The safe harbor permits a rental real estate enterprise to be treated as a Section 199A trade or business if sufficient “rental services” were performed for the enterprise. For enterprises in existence for less than four years, 250 hours of rental services are required each year. For enterprises in existence for at least four years, that requirement must only be met for three of the past five years.
The term "rental services" include: (i) advertising to rent or lease the real estate; (ii) negotiating and executing leases; (iii) verifying information contained in prospective tenant applications; (iv) collection of rent; (v) daily operation, maintenance, and repair of the property; (vi) management of the real estate; (vii) purchase of materials; and (viii) supervision of employees and independent contractors. Importantly, these services may be performed by the owner of the enterprise, employees, or independent contractors.

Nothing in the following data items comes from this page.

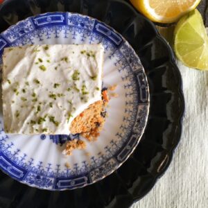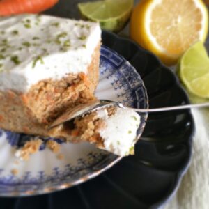 Den här är en morotskaka paleostyle som verkligen är supersaftig och frostingen är lime-ig och fräsch!
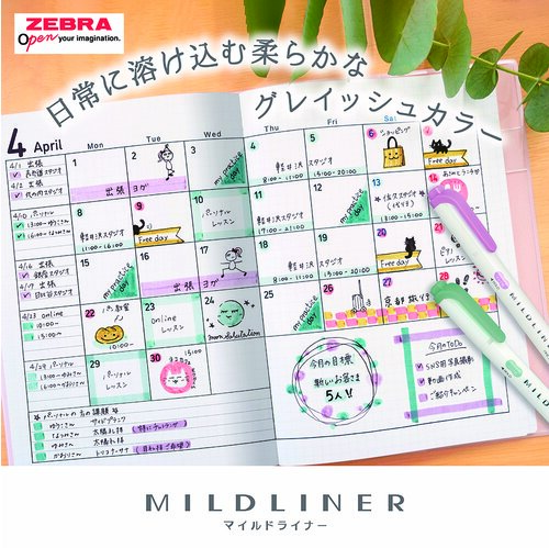 穏やかで優しい色合いが特長のラインマーカー。裏うつりしない水性顔料のインクと、他にはないおだやかな色合いが、マーキングだけでなくイラストなど幅広い用途で使用できます。35色に追加の心落ち着く新色グレイッシュカラー。【検索ハッシュタグ】#ゼブラ#マイルドライナー#マーカー
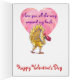 Animal Parade Romantique Chicken Heart and Love Big Card présente notre oeuvre amusante d'un poulet jaune tenant un joli rose dans son bec avec des coeurs violets, rouges et roses en couches. Ce poulet sucré en amour design est un cadeau parfait pour la Saint-Valentin, son anniversaire, pour proposer le mariage d'une manière amusante et originale, ou juste pour dire, je t'aime. Cluck, accroche !
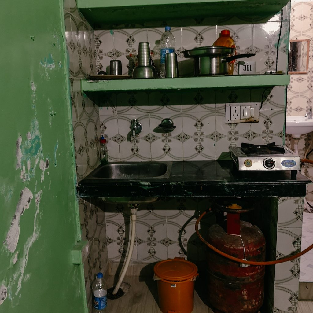 Zugegebenermaßen sieht diese Kochnische etwas heruntergekommen aus, aber wir freuen uns trotzdem wie kleine Kinder am Geburtstag. Vor dem Zimmer steht ein Kühlschrank und es gibt eine kleine überdachte Terrasse.
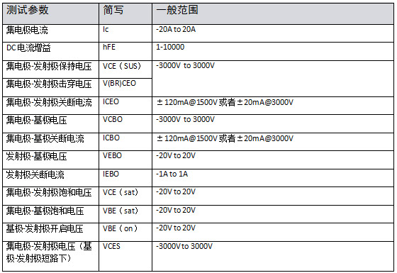 2.針對(duì)BJT的測(cè)試參數(shù):
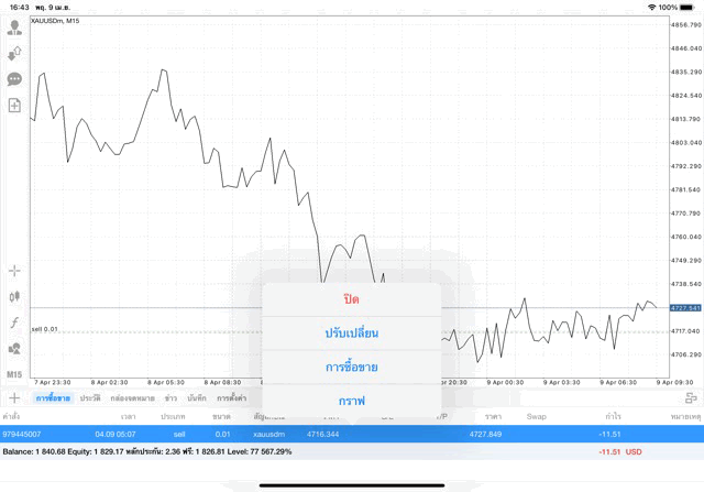 คลิ๊กค้างบนการเทรดที่ต้องการปิด แล้วเลือก ปิด
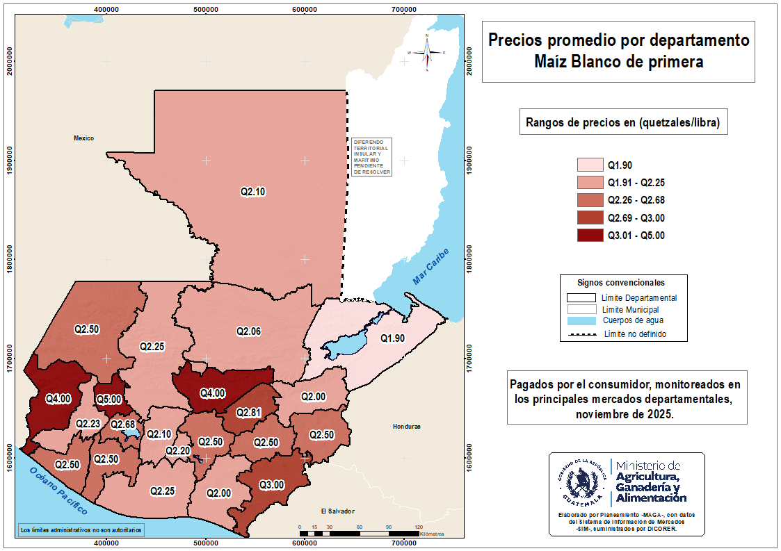 Mapa de precios departamentales de maíz blanco - Noviembre 2025.png
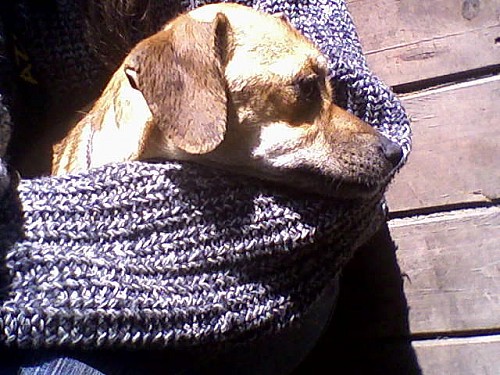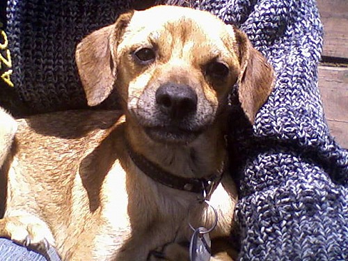 Jest to suczka w wieku około 1 roku.W schronisku od maja 2009.Trafiła do schroniska z kilkunaoma psami z tego samego domu. Początkowo bardzo się bała nie wychodziła z boksu, nie zbliżała się do ludzi. Opieka i troska wolontariuszy sprawiła, że suczka stała się bardziej pewna siebie. Sama wskakuje na kolana i chce być cały czas blisko ludzi, wtedy odgania wszystkie inne psiaki by być w centrum uwagi.
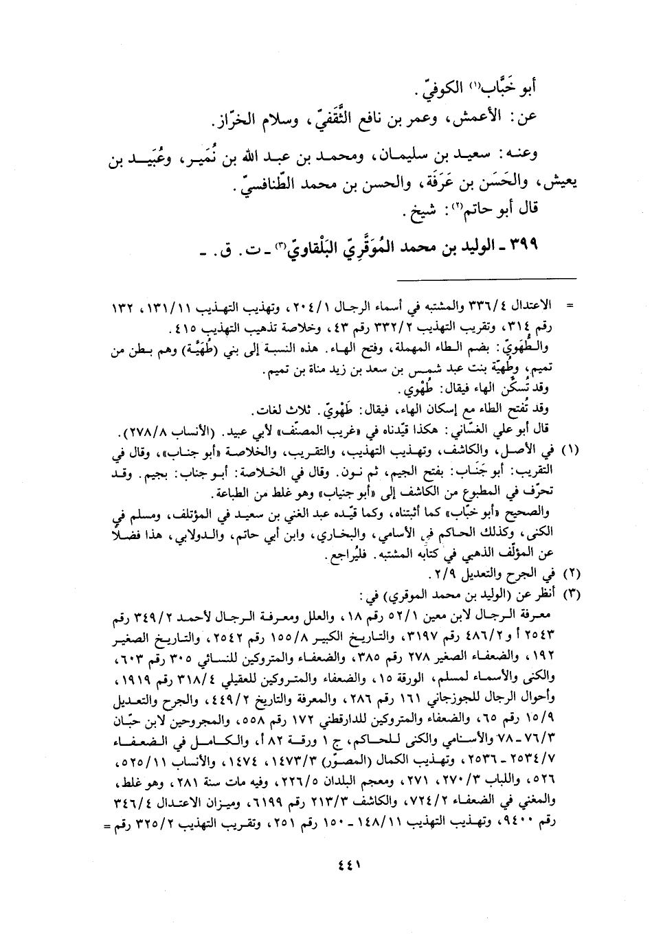 [ (-) ] الاعتدال 4/ 336 والمشتبه في أسماء الرجال 1/ 204، وتهذيب التهذيب 11/ 131، 132 رقم 314، وتقريب التهذيب 2/ 332 رقم 43، وخلاصة تذهيب التهذيب 415.
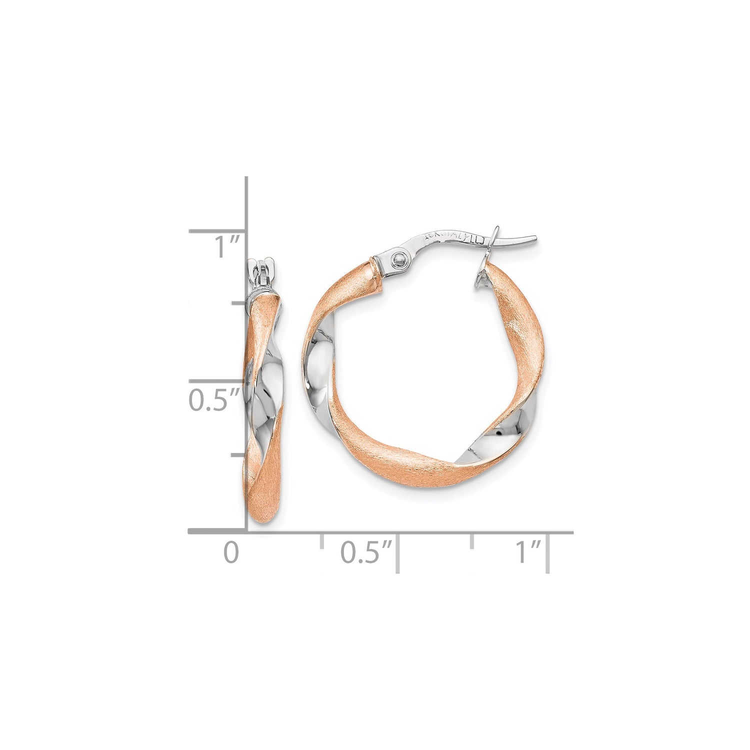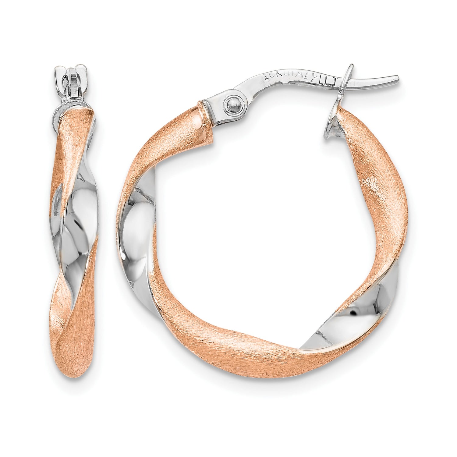 10k Yellow Gold Twisted Hoop Earrings, Rhodium Two-Tone Satin and Polished Finish, Lightweight Design
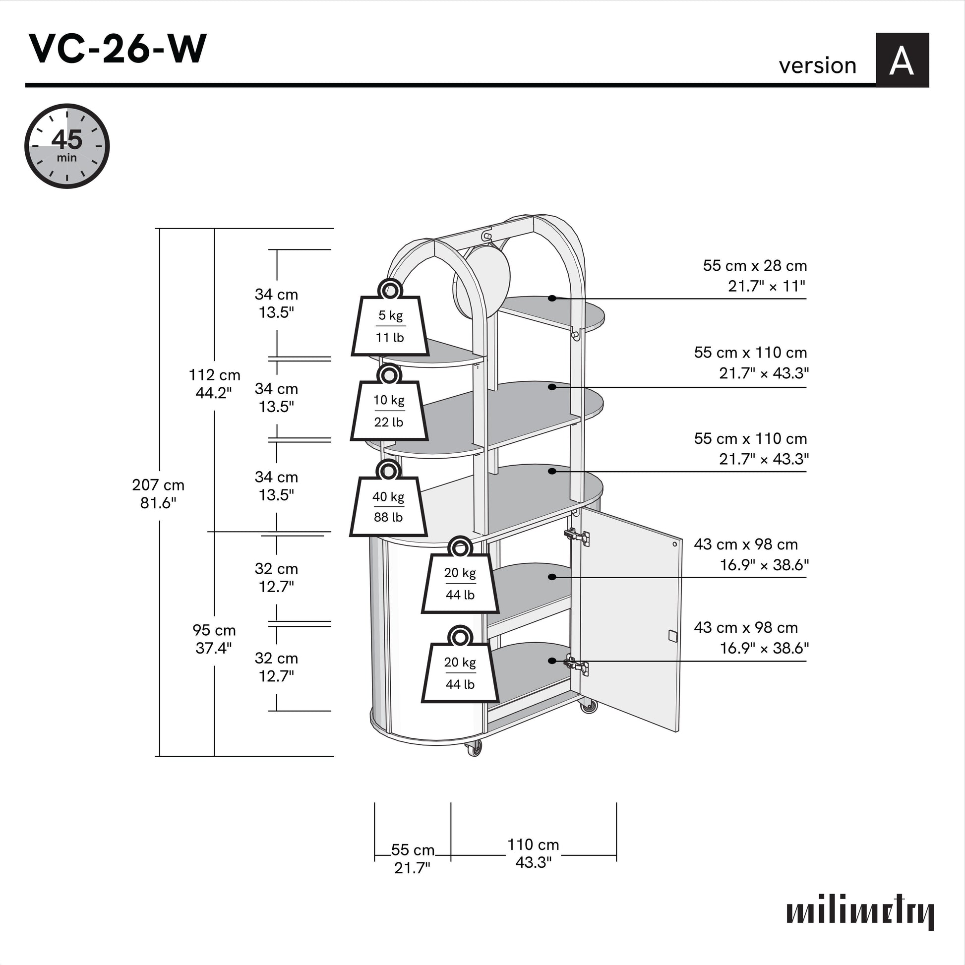La partie inférieure comprend portes d'armoires verrouillables, fournissant stockage sécurisé pour les stocks, la verrerie, les emballages, les équipements technologiques ou les objets personnels – une fonctionnalité essentielle pour équipes mobiles opérant à travers environnements événementiels à fort trafic. Le chariot est entièrement personnalisable dans couleurs de la marque et dispose d'un espace pour une façade plaque logotypée, en s'assurant qu'il s'intègre dans n'importe quel concept d'affichage de style de vie ou expérience marketing multisensorielle. C'est aussi un structure en paquet plat sans outil, permettant configurations d'événements en déplacement et un rangement facile.

The safe harbor is not available to: (i) Real estate used by the taxpayer as a residence under section 280A(d); (ii) Real estate rented or leased under a triple net lease; (iii) Real estate rented to a trade or business conducted by a taxpayer or an RPE (relevant pass-through entity) which is commonly controlled under Treas. Reg. 1.199A-4(b)(1)(i); and (iv) The entire rental real estate interest if any portion of the interest is treated as an SSTB (specified service trade or business) under § 1.199A-5(c)(2).